Now that we’ve filtered and sorted, there are interesting and underappreciated choices involved in how to display the content.

  • Fixed number per page or infinite scroll?  Infinite scroll has become fashionable in the past couple years, but it’s not without drawbacks.  As you add more elements to the page, it becomes heavier and less responsive.
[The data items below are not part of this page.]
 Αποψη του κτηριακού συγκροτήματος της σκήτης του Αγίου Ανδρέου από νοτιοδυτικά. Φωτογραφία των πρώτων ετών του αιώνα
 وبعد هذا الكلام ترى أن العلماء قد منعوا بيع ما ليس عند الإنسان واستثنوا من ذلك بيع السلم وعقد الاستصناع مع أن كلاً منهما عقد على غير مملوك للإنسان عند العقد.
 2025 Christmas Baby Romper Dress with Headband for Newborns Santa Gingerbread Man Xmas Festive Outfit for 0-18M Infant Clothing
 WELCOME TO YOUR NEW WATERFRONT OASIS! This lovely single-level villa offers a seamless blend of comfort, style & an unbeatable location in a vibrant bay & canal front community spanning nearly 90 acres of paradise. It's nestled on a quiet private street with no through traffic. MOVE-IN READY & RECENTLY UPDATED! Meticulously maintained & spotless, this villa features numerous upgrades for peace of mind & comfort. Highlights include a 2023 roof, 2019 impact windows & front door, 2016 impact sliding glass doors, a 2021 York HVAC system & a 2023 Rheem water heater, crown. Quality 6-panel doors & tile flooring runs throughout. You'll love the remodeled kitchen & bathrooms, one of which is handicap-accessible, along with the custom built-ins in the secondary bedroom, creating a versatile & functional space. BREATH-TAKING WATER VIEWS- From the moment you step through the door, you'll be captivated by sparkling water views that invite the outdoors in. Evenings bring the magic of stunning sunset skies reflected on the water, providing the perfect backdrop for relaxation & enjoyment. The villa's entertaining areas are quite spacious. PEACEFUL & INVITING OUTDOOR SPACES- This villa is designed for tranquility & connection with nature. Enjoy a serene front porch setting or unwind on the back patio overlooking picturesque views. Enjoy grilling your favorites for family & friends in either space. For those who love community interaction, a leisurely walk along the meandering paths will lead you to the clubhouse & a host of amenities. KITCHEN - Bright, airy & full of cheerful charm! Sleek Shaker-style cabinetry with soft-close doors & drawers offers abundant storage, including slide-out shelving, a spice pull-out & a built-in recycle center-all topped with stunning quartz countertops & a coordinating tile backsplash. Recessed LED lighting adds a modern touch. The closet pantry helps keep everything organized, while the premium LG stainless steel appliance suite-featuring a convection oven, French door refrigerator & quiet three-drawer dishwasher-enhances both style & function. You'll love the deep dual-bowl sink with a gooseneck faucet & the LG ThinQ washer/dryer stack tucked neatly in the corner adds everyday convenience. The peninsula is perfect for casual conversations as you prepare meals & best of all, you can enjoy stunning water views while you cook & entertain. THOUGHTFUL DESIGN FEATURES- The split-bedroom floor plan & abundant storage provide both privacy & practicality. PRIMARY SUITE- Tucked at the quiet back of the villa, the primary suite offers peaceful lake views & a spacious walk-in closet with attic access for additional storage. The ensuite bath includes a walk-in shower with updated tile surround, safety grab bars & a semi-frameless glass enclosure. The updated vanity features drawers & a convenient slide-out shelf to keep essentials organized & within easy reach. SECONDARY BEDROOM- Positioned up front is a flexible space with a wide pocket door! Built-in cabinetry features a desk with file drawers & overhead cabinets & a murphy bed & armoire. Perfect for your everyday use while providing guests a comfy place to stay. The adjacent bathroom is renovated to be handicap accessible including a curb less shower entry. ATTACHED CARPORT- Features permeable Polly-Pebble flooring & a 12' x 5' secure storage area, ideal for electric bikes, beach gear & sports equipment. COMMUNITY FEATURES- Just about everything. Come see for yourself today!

An even bigger issue with infinite scroll is state is lost when a user clicks to view details on something, and then clicks back.
  • What meta data to show?  It’s easy to scan information in the browse page, so all the stakeholders involved in the project will likely argue for their piece to get on the browse page.  But you also don’t want a cluttered look.

Default Values

One thing I’ve learned from watching users interact with web sites is the vast majority of them (like 95%) never change default values.  This is so important, I’ll say it again: your users will not change default values.

So while you could present lots of choices on how to filter and sort and view, the only one that matters is the default.

Infinite Content

As I mentioned earlier, I find some of these choices around browsing interesting in domains where there is so much content as to be essentially infinite, and when the user is just seeking novelty.

Here are a couple examples:

  • An endless flow of videos, which serves random moments from the top 1000 YouTube videos of all time.  It’s instantly engaging — no need to think about what you want to watch.
  • A social way to browse pictures.  I got these pictures from Reddit, which is one of my favorite sites.  But I often get frustrated browsing pictures on Reddit, because their “recently popular” sort doesn’t change enough.  I wanted an interface with a simple “NEXT” button to give me a fix whenever I click.